You don't need to understand the Chinese characters there. But on the left is an elevator control panel, with Chinese characters for expressions like: open, close, exit, for emergency call only. On the right is a message my son wrote about the ice cream that I picked up from store: "for desert only, thank you." Frankly, the Chinese expressions are a bit odd. But that's not the point.

The point is, my son doesn't speak Chinese, nor does he read or write Chinese. Heck, except for 2 characters, this was the first time he ever wrote all those other characters. Pretty neat handwriting, by the way. What he did was, he entered some English words into Google Translate, and then copied the Chinese characters manually. He also pressed the speaker icon on the browser to hear the Chinese sound of the characters he wrote. Nobody ever taught him how to use Google Translate. He just figured out that if he needed to translate something, he could search on Google and figure out how to translate it. You could try it. Type: "close in Chinese" into a browser's search bar (e.g. Google Chrome), then select Chinese (Traditional) on the right box, and you'll see the character 關. Click on the speaker icon, and it'll read out loud for you.

So, I have decided to mimic my 8-year-old son's skill. I typed in "22,000 cannabis studies." Then I learned that you could obtain the PubMed's abstract/citation counts by using the following URL

https://www.ncbi.nlm.nih.gov/search/?term=marijuana

27,874 "scientific and medical abstracts/citations," is what I got when I clicked on that link. So, there are 27,874 articles.

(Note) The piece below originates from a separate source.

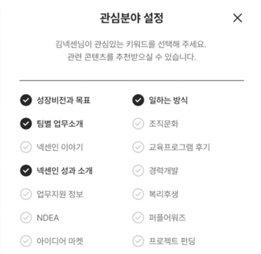 첫 로그인 시, 관심분야를 설정할 수 있습니다. 관심분야 설정 시, 메인화면에 관심분야의 콘텐츠가 노출이 되며 마이페이지에 추천 콘텐츠가 표시 됩니다.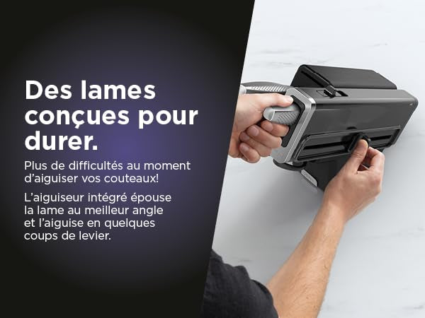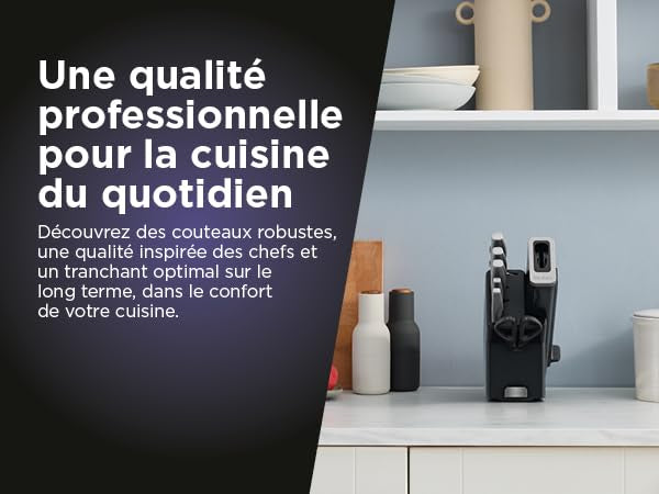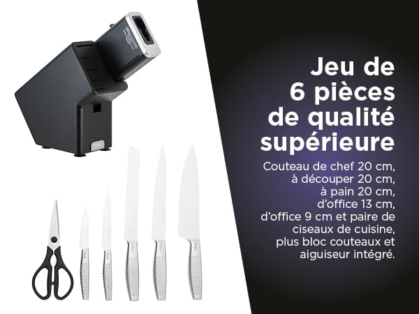 • Inclus : 1 couteau de chef 20 cm, 1 couteau à découper 20 cm, 1 couteau à pain 20 cm, 1 couteau d’office 13 cm, 1 couteau d’office 9 cm, 1 paire de ciseaux de cuisine, 1 bloc couteaux et 1 guide de démarrage rapide

With one click, anyone can start to find out the titles, authors and dates of those 27,874 articles. That number of articles reflects the "chatter volume" of scientists. Let's compare it to the case of autism

https://www.ncbi.nlm.nih.gov/search/?term=autism

which gave me 42,607 "scientific and medical abstracts/citations." That is, the scientific attention on marijuana is around half of the scientific attention on autism. So, marijuana research should be considered intense.

- - -

My point is, one can learn a lot from an eight-year-old.